Exercise details
In the records below, work out how many lines hold the word "серии". Report the number alone.

Extracted records
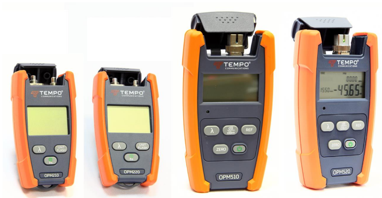
Рисунок 1 – Общий вид измерителей оптической мощности серии OPM

Заводской номер наносится в виде наклейки (для серий SLS500, OPM500 - на заднюю панель корпуса; для серии OPM200 – на внутреннюю поверхность батарейного отсека тестера).
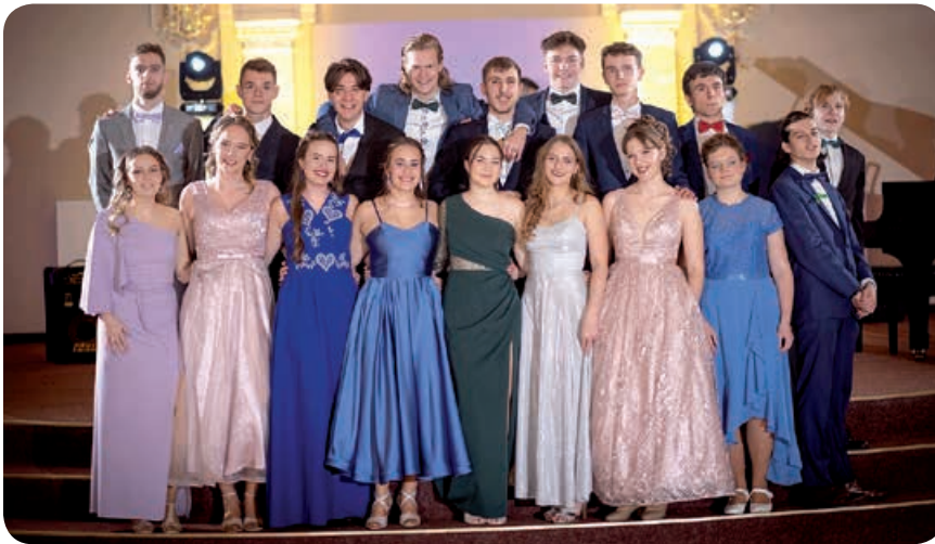
Reprezentačný ples Cirkevného gymnázia Štefana Mišíka
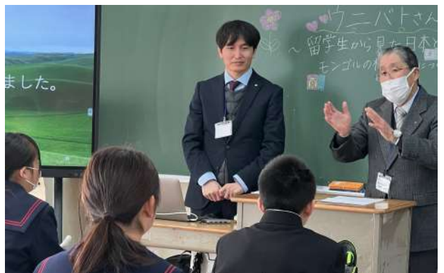
【留学生から見た日本とモンゴルの相違点について】
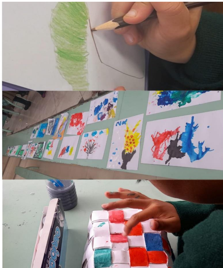
Figura 3: Sesión 2
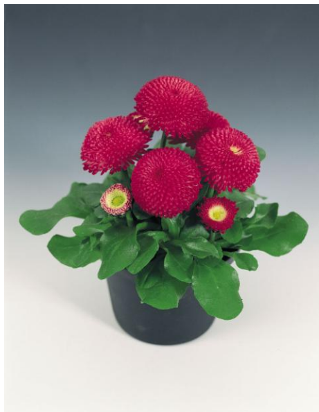
Deep Rose S2590 / P

V nabídce 5 čistých barev a směs (D2670 / P).
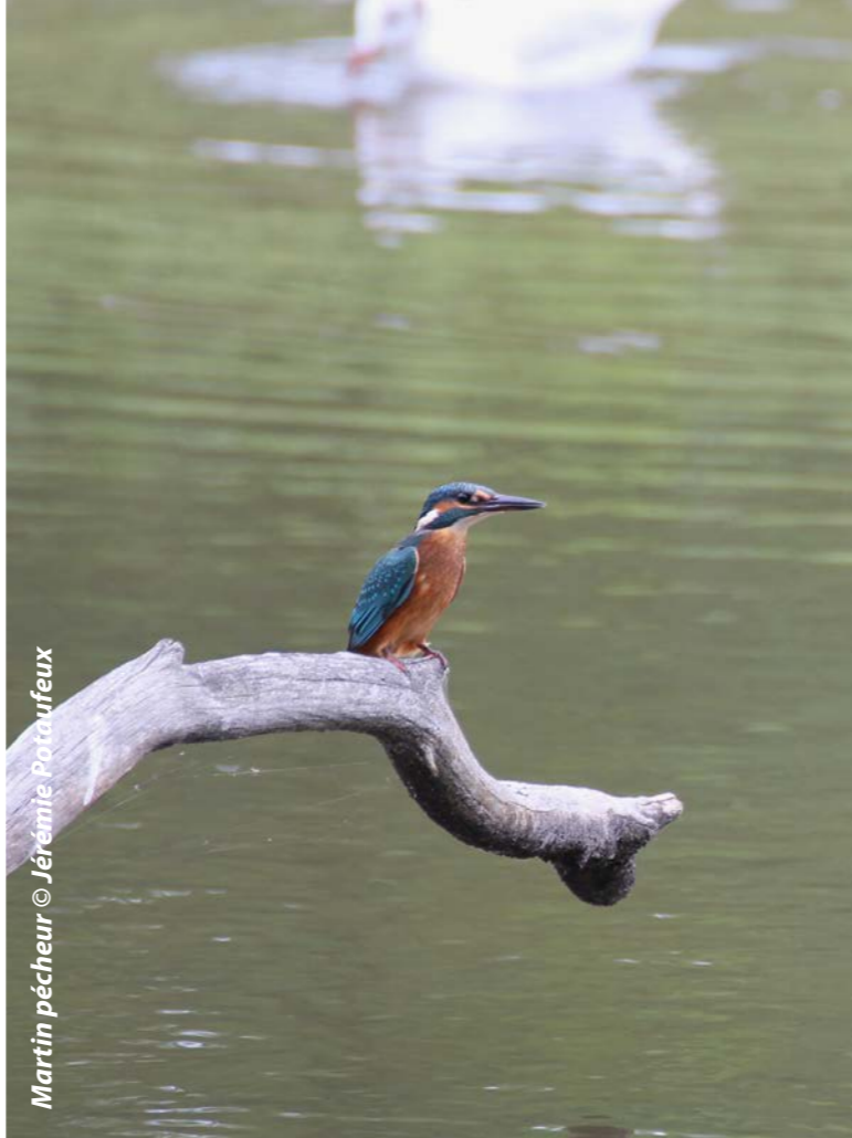
Martin pêcheur

Les adhérents sont les piliers de l'association, sans qui de nombreux projets de protection de la nature ne verraient jamais le jour. C'est pour cela que le ReNArd prend plaisir à se retrouver autour de sorties réservées aux adhérents. Cette année 2017 a été l'occasion de relancer ces événements en septembre. Malgré un temps mitigé, 26 personnes ont répondu présent. La journée a été riche en observations avec un Balbuzard pêcheur, Faucon hobereau, Vanneau huppé, Martin-pêcheur d'Europe, Chevalier guignette, Bécasseau variable, Grand gravelot, Chevalier aboyeur, Bécasseau cocorli... Muni de jumelles et de longues-vues mises à disposition de tous, chacun a pu découvrir la richesse de Bairon dans un esprit de partage de connaissance, qu'importe son niveau naturaliste. Pour se remettre de toutes ces émotions, le groupe s'est ensuite retrouvé à 12h. Tour de table afin que chacun se présente et repas tiré du sac à « l'auberge espagnole » pour conclure cette belle journée où les rires et la bonne humeur étaient au rendez-vous ! Au vu de l'enthousiasme général des participants, de nouvelles rencontres verront le jour en 2018. De nombreuses demandes des adhérents nous motivent également à organiser de nouveau des séjours comme dans le Nord-Pas-de-Calais par exemple. (Reportage photo ci-contre)
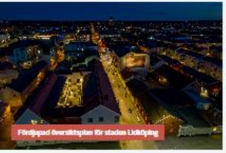
Förtydligad översiktsplan för staden Lidköping
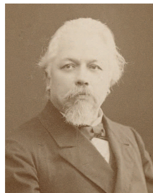
Директор Геолкома с 1885 г. Александр Петрович Карпинский
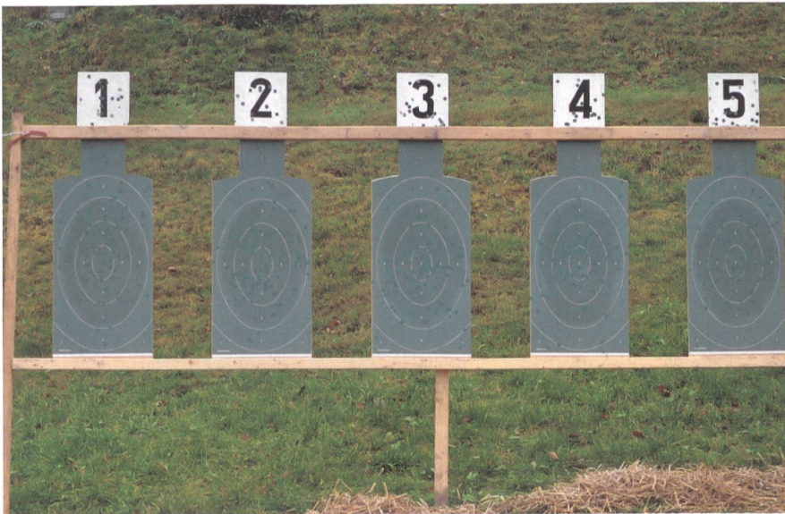
Selektioniert jedes Jahr die Pistolenschützen: Die 50-m-Morgartenscheibe.
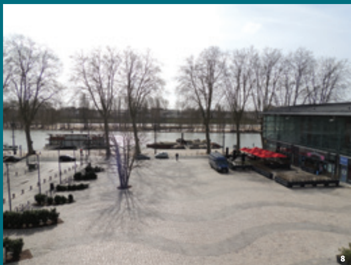
8. Place de Loire , 2001.
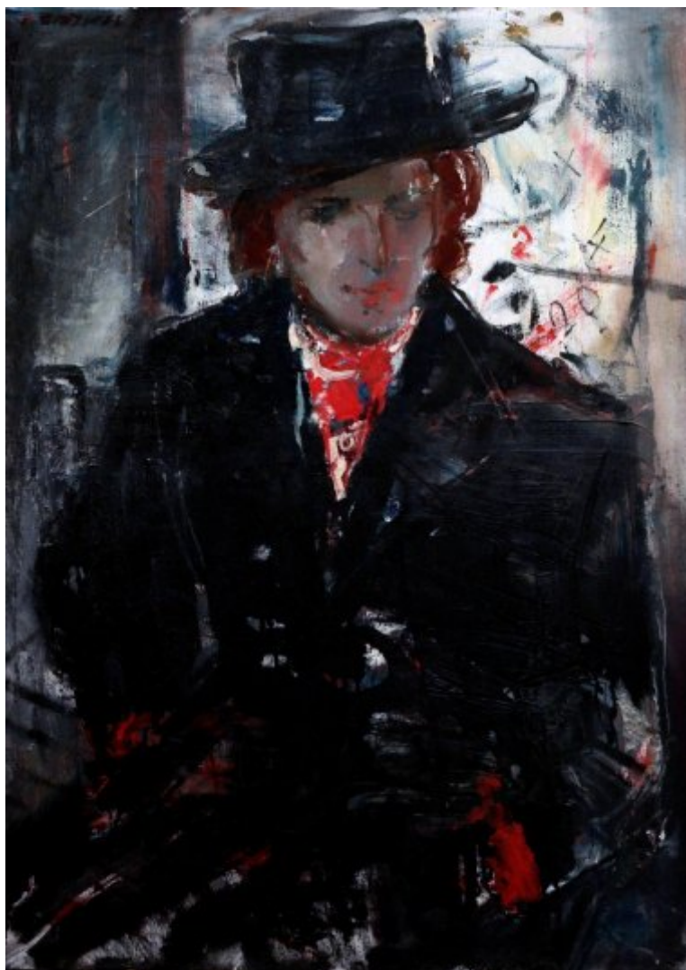
Dáma v klobouku | 1987, olej, plátno, 90 × 65 cm
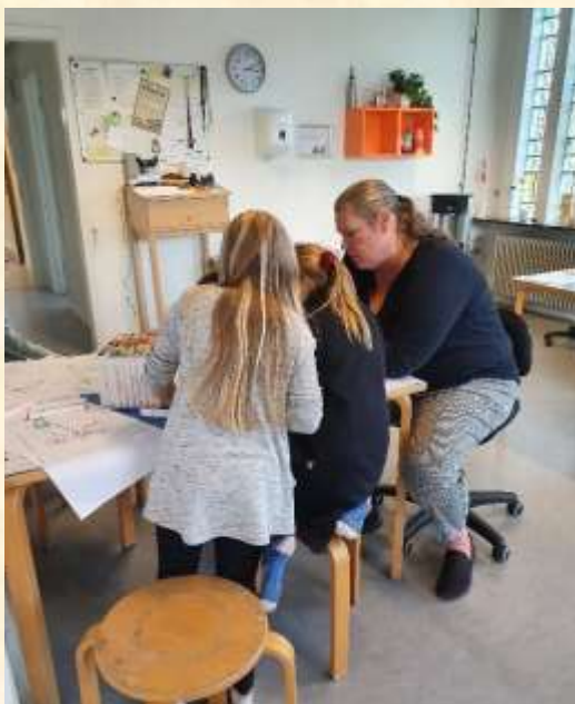
"Kom, lad os tegne"

Også i Fritidshuset er der åbnet op for, at man kan lege og hygge sig sammen på tværs af klasser. Det sætter vi alle pris på.

Output
2